WeWork’s business hinged on its ability to identify the potential value of community spaces and execute strategies to their realisation. To Silicon Valley hunters and punters it seemed an exhilarating retail play, but in truth WeWork was following an orthodoxy that grown and gone with the decline of the welfare state. Unintentionally and even unwittingly, WeWork’s rapid growth builds a business case for investment in community spaces. What WeWork’s experience doesn’t offer is a model answer for where that investment should go.

Dedicating 200 million pounds to pre-opening location expenses might seem understandable when you can leverage a 40 billion valuation. Luxurious fit-outs give some of us a reason to work at WeWork, but they give many more a reason not to. In this way, luxury was one of WeWork’s strongest drawcards, but at the same time it was one of its greatest limitations. WeWork built safety but it also built exclusivity, and in doing so it designed spaces that were destined to close in on themselves rather than expand — and community spaces need to expand.

Ray Oldenburg describes community spaces or “third places”, as neutral, inclusive and expansive. His seminal urban design study, The Great Good Place, describes third places as a counterweight to “the tendency to be restrictive…open to all and…laying emphasis on qualities not confined to status distinctions”. According to Oldenburg, expansive spaces are equalising spaces, but expansion also implies some kind of growth or flourishing. To Robert Bevan it’s a kind of emerging, where messy layers of multiple authenticities embed complexity, plurality and creativity.

What’s the recipe for truly messy community spaces? Brian Eno and Finn Williams propose that the secret sauce is open source. By creating simple systems and taking an “open-ended approach [that] leaves more space for a plurality of voices to shape their environment…it makes it less likely that our places are defined by individuals or exclusive groups within society and more likely that they belong to the Wider We.” Spaces become self-authoring when we allow multiple authors to experiment with their meaning and guide their evolution.

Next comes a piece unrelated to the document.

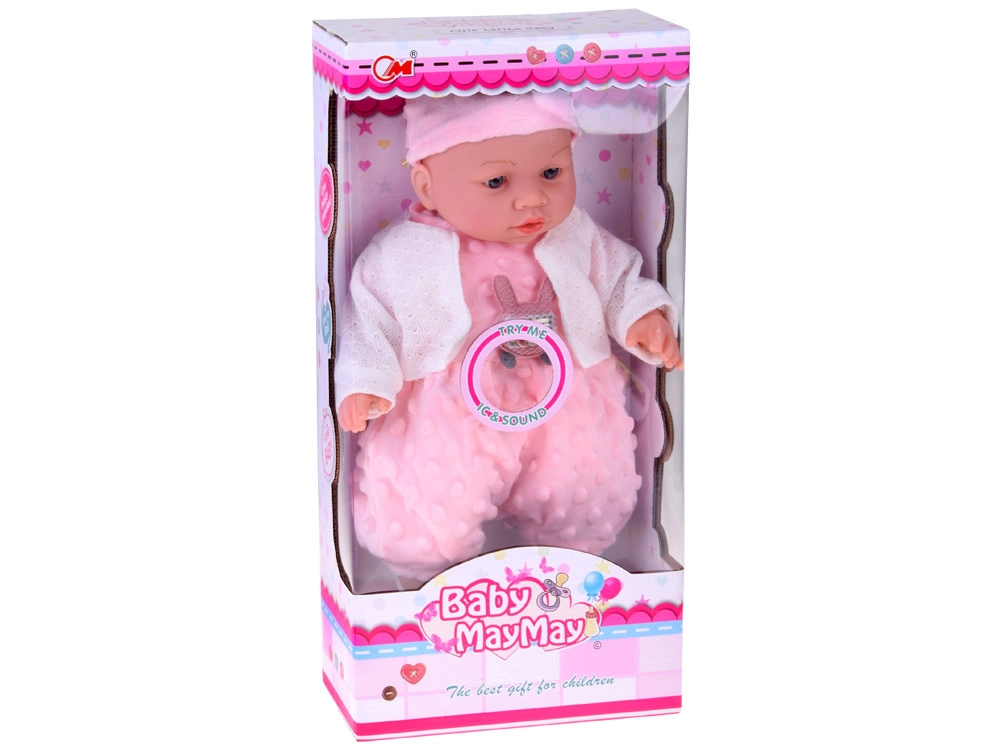 Zvočni modul je skrit v trebuščku – ob pritisku se oglasi mešanica zvokov, ki jih otroci obožujejo: blebetanje, smeh, godrnjanje in jok. Punčka nima las in drobnih delov, zato je varna za najmlajše. V pakiranju je priložena baterija, dovolj je le odstraniti varovalo in igra se lahko začne.

The Wider We is an expansive, inclusive idea — and that’s what makes it a radical one. To Eno and Williams, a Wider We connotes a “Bigger Here” and a “Longer Now”. It’s a call to design with and for decentralised control. In this way, it summons us to give up power so that lesser heard voices can take up power. It’s a call to move beyond the narrow, fear-based dynamics that are suffocating our communities and our corporations. Yet ultimately the Wider We is a way of reflecting on the choices we make and the lives we lead, for at the heart of a Wider We, is a Smaller Me.